Task prompt: Reproduce the full listing below exactly. Do not include the pictures.

### Data ###

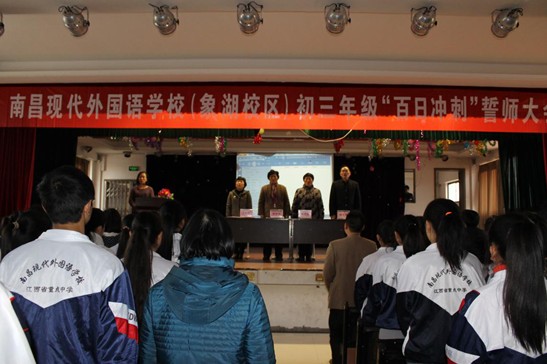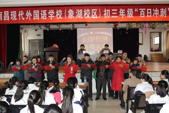 3月7日下午,南昌現代外國語學校(象湖校區)初三年級全體師生和部分家長代表共600多人,齊聚報告廳一同向中考百日宣誓。慷慨激昂的誓言,久久在象湖湖畔回蕩。
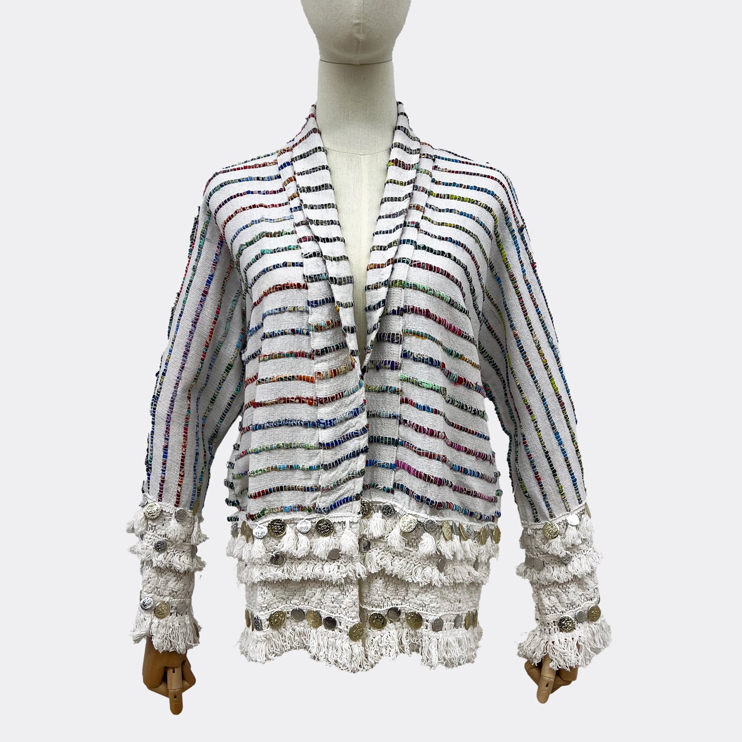 Adorable chaqueta corta de lona ligera con aire militar y ribete de crochet bohemio. Pompón y flecos de moneda estilo indio.
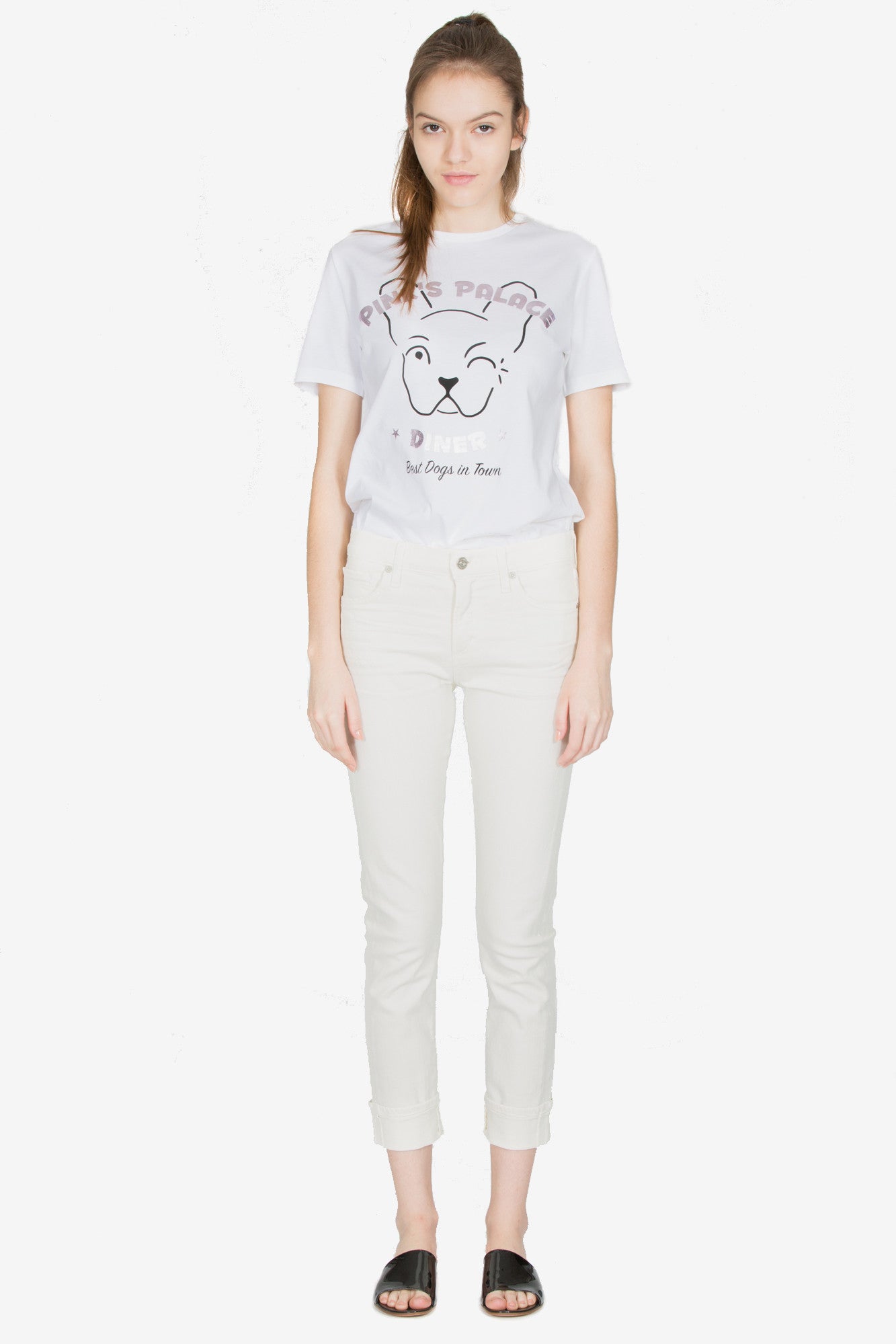 Citizens of Humanity 的這款JAZMIN窄管牛仔褲擁有超修身的合身版型和完美的九分長度,是不分季節的完美牛仔褲型!米白色則略帶仿舊感,這裏搭配的是 Etre Cecile 的PINK'S PALACE DINER T-SHIRT。同款另有水洗藍色

###

Result:
 3月7日下午,南昌現代外國語學校(象湖校區)初三年級全體師生和部分家長代表共600多人,齊聚報告廳一同向中考百日宣誓。慷慨激昂的誓言,久久在象湖湖畔回蕩。
 Adorable chaqueta corta de lona ligera con aire militar y ribete de crochet bohemio. Pompón y flecos de moneda estilo indio.
 Citizens of Humanity 的這款JAZMIN窄管牛仔褲擁有超修身的合身版型和完美的九分長度,是不分季節的完美牛仔褲型!米白色則略帶仿舊感,這裏搭配的是 Etre Cecile 的PINK'S PALACE DINER T-SHIRT。同款另有水洗藍色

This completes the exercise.